## [DATASET EXTRACT]
□ □ □ □ □ □ □

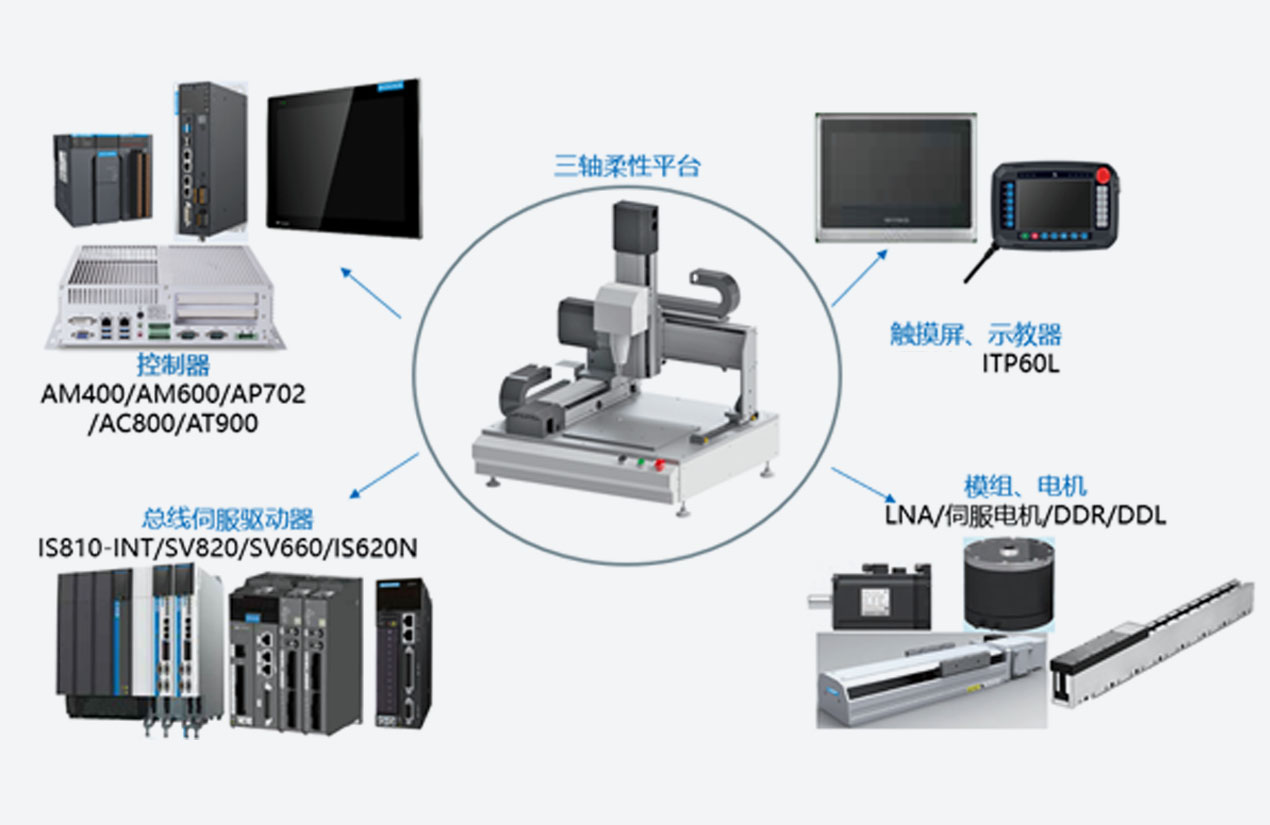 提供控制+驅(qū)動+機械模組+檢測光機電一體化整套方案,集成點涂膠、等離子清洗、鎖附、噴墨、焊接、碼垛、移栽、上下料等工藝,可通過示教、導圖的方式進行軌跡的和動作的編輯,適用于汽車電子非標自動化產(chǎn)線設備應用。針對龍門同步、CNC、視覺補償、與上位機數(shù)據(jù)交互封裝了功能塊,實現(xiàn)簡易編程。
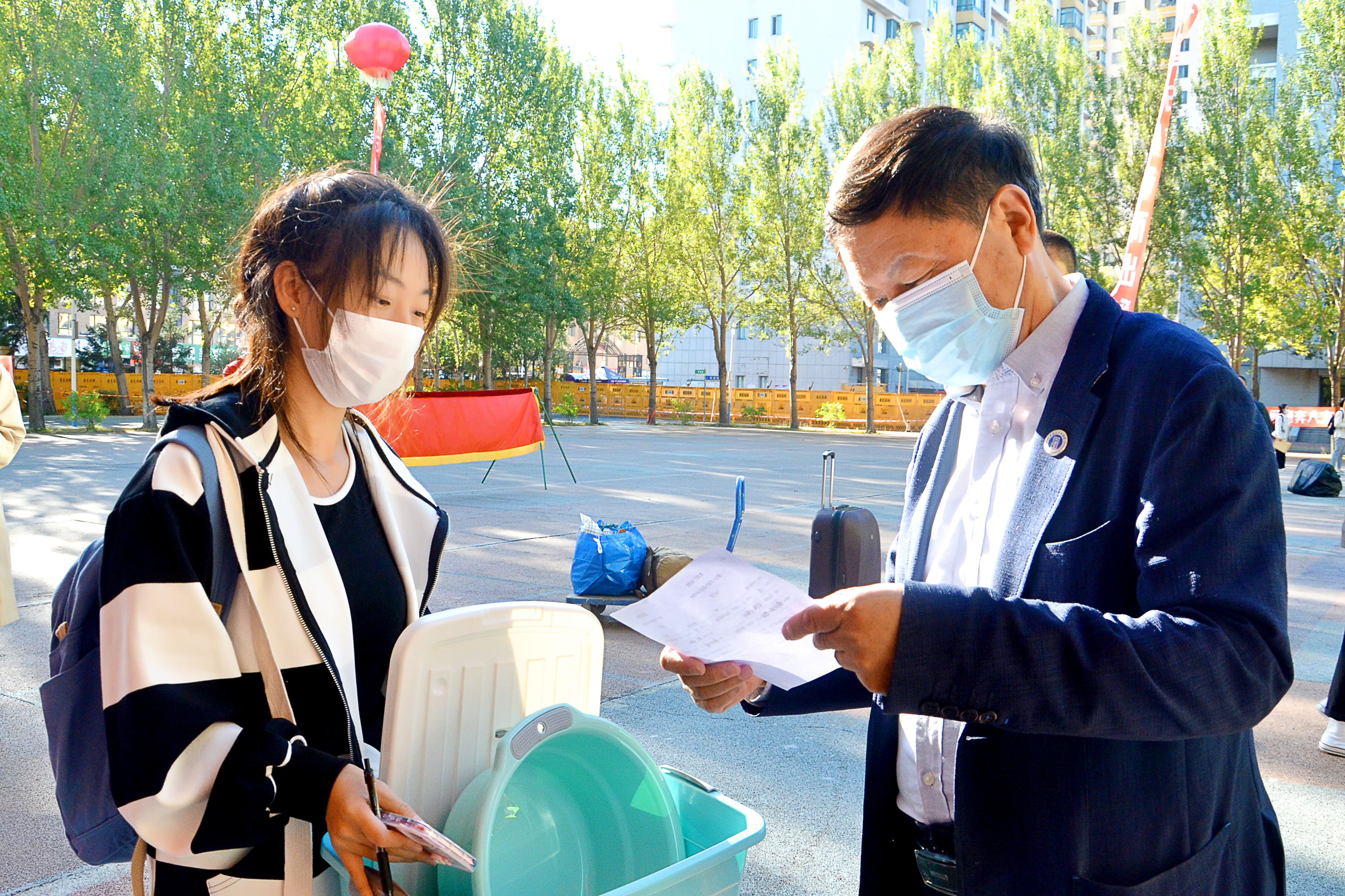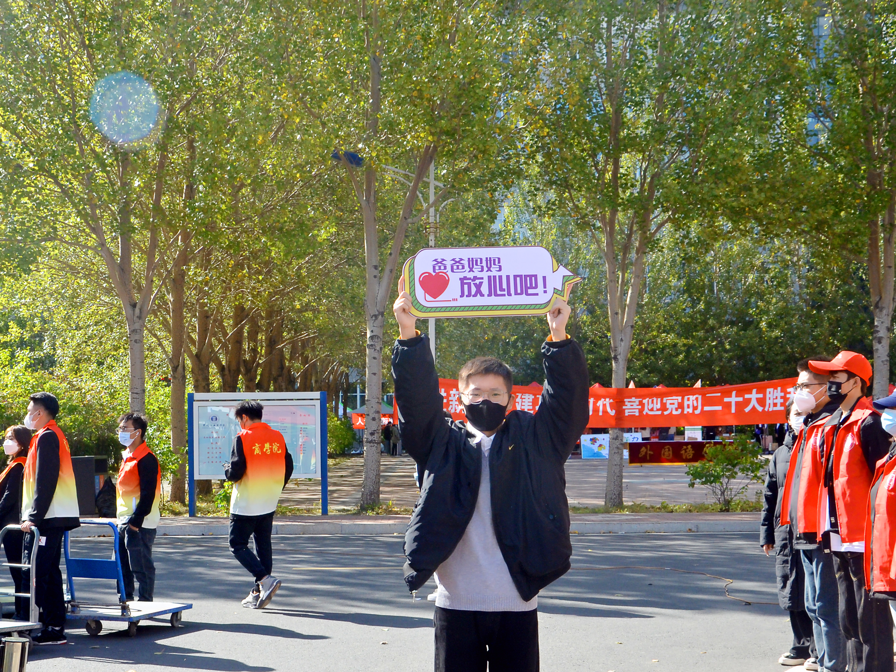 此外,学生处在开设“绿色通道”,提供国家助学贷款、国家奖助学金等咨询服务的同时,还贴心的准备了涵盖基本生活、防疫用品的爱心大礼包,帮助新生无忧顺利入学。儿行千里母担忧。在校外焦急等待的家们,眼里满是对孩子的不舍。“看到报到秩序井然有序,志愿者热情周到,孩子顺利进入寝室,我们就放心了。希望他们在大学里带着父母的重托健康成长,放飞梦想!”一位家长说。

□ □ □ □ □ □ □

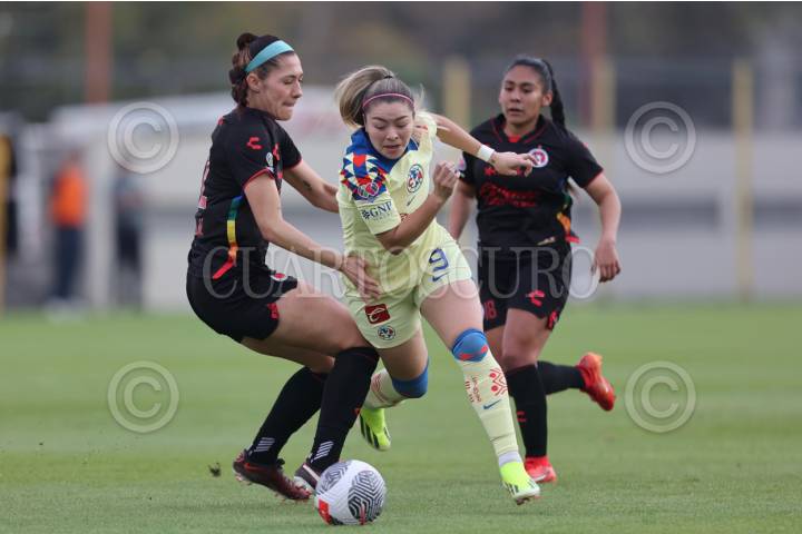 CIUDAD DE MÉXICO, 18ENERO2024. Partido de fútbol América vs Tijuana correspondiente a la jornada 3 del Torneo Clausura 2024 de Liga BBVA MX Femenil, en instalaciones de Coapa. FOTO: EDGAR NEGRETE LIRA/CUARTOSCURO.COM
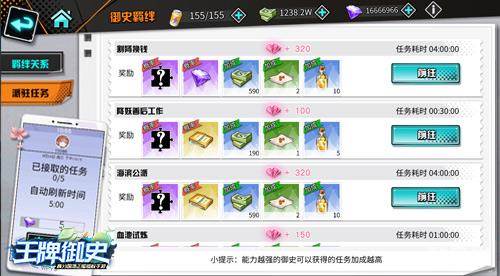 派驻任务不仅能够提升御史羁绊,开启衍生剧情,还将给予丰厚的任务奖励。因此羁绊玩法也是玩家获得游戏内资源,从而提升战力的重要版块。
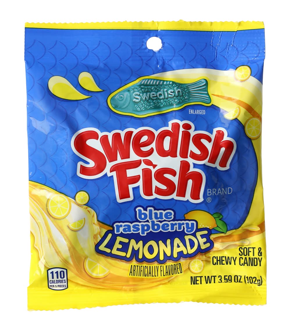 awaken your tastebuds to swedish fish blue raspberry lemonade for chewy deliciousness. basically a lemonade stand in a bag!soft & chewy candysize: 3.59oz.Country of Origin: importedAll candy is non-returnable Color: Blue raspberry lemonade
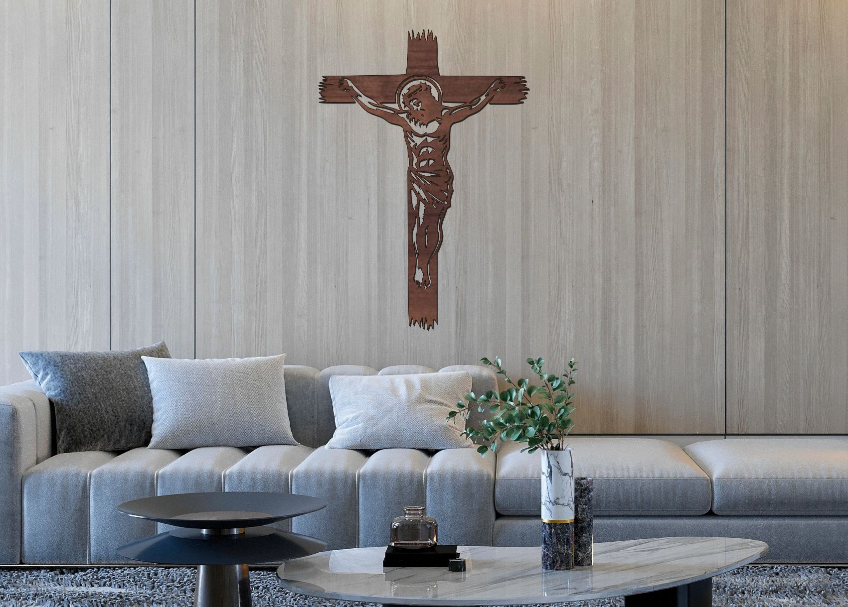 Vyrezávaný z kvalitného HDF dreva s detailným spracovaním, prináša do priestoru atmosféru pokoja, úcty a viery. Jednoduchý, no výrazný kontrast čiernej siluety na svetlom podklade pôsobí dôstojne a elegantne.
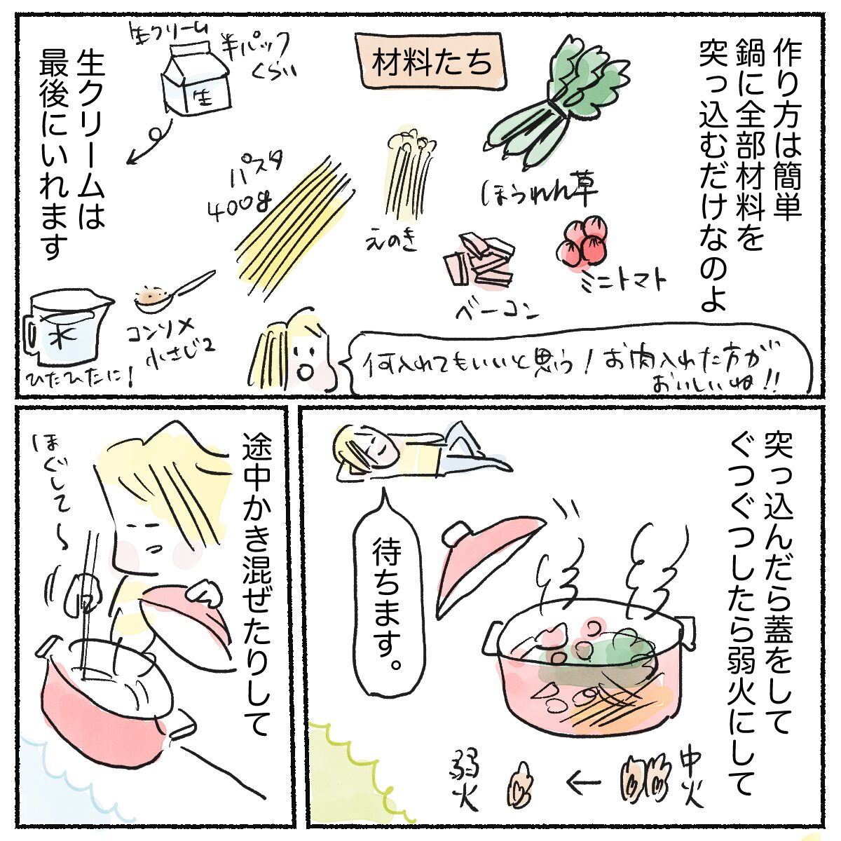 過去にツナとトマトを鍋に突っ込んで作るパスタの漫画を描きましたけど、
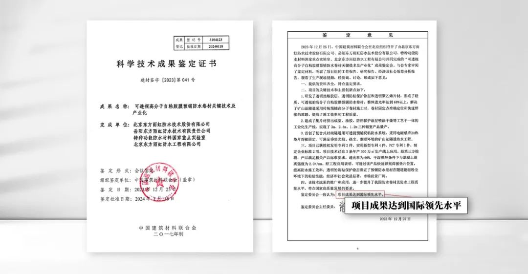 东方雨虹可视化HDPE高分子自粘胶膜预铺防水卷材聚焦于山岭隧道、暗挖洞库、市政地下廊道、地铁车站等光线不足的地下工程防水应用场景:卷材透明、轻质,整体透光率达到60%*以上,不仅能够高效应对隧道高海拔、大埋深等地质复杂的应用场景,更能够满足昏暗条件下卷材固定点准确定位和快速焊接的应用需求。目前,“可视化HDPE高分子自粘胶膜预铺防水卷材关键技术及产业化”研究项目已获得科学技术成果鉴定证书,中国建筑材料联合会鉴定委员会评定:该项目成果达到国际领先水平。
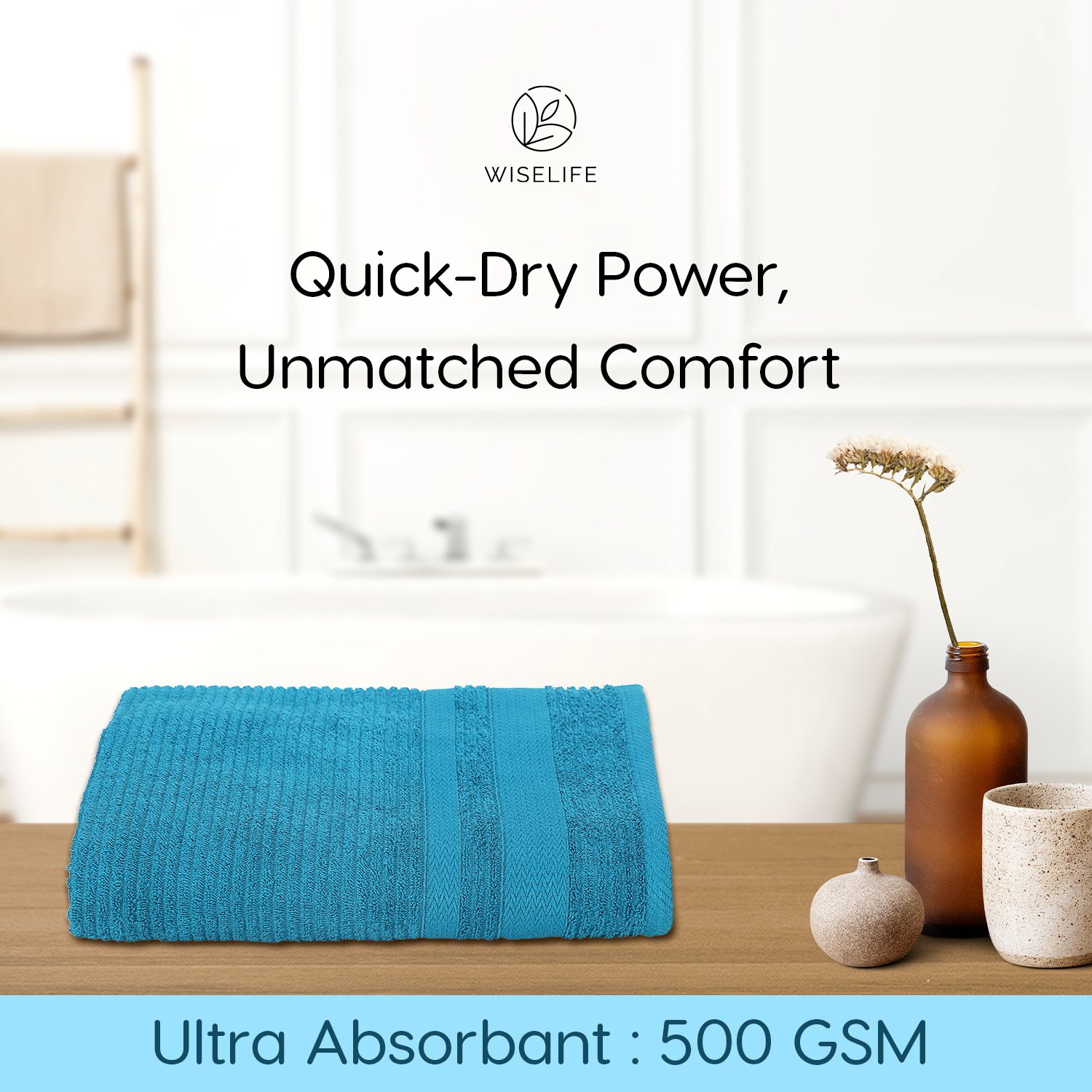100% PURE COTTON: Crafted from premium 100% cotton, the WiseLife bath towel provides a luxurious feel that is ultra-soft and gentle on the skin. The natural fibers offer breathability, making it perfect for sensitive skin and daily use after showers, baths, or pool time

□ □ □ □ □ □ □

## [WORK REQUEST]
Leaving each picture behind, please give again exactly the lines above from the one with "awaken your tastebuds" through the one with "過去にツナとトマトを鍋に突っ込んで作るパスタの漫画を描きましたけど、", both included, and no others.

## [RESULT BELOW]
 awaken your tastebuds to swedish fish blue raspberry lemonade for chewy deliciousness. basically a lemonade stand in a bag!soft & chewy candysize: 3.59oz.Country of Origin: importedAll candy is non-returnable Color: Blue raspberry lemonade
 Vyrezávaný z kvalitného HDF dreva s detailným spracovaním, prináša do priestoru atmosféru pokoja, úcty a viery. Jednoduchý, no výrazný kontrast čiernej siluety na svetlom podklade pôsobí dôstojne a elegantne.
 過去にツナとトマトを鍋に突っ込んで作るパスタの漫画を描きましたけど、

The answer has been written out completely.